In our pre-training task
Posted: Thu Mar 27, 2025 10:42 am
.“flatten” multivariate time series, considering all variates as a single sequence. Patches are subsequently projected into vector representations via a multi-patch size input projection layer. The [mask] signifies a learnable embedding that replaces patches falling within the forecast horizon. The output tokens are then decoded via the multi-patch size output projection into the parameters of the mixture distribution. While not visualized, (non-learnable) instance normalization is applied to inputs/outputs, aligning with the current standard dentist data practice for deep forecasting models.

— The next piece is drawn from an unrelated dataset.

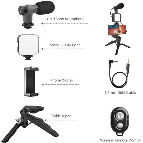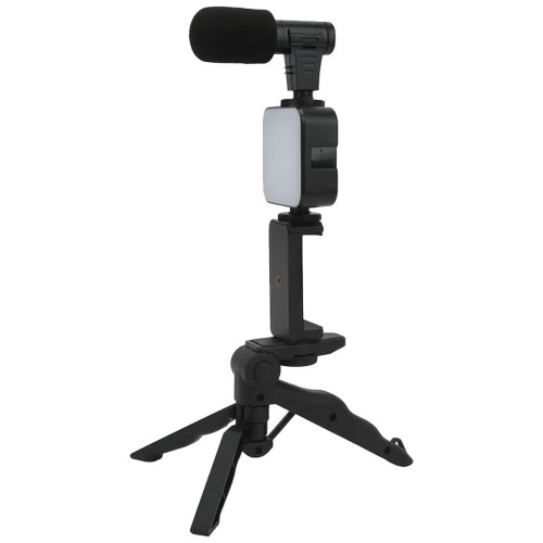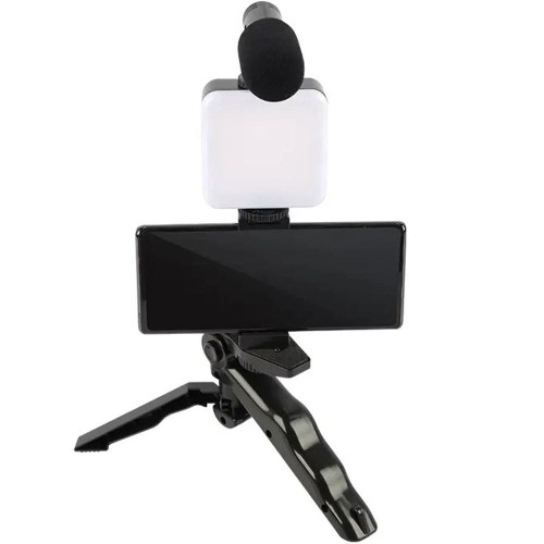 Vlogging & YouTube Video Making Accessories Kit, Tripod Stand, Phone Mount Clip, LED Light & Microphone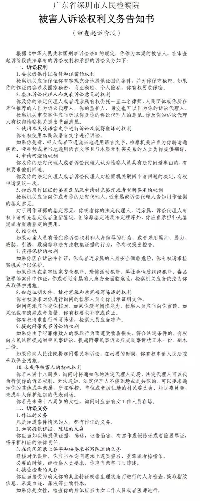 因本案被害人人数众多,根据《中华人民共和国刑事诉讼法》的有关规定,经本院联系,仍有部分被害人无法送达,现采取公告方式告知本案被害人在审查起诉阶段享有的权利义务,详见《广东省深圳市人民检察院被害人诉讼权利义务告知书(审查起诉阶段)》。

, we formulate the objective to optimize the mixture distribution log-likelihood. The design of both the data distribution and task distribution are two critical aspects of the pre-training pipeline. This design imparts versatile capabilities to our Large Time Series Model (LTM), enabling it to adapt to a range of downstream tasks. This flexibility stands in contrast to the prevailing deep forecasting paradigm, where models are typically specialized for specific datasets and settings.
, we formulate the objective to optimize the mixture distribution log-likelihood. The design of both the data distribution and task distribution are two critical aspects of the pre-training pipeline. This design imparts versatile capabilities to our Large Time Series Model (LTM), enabling it to adapt to a range of downstream tasks. This flexibility stands in contrast to the prevailing deep forecasting paradigm, where models are typically specialized for specific datasets and settings.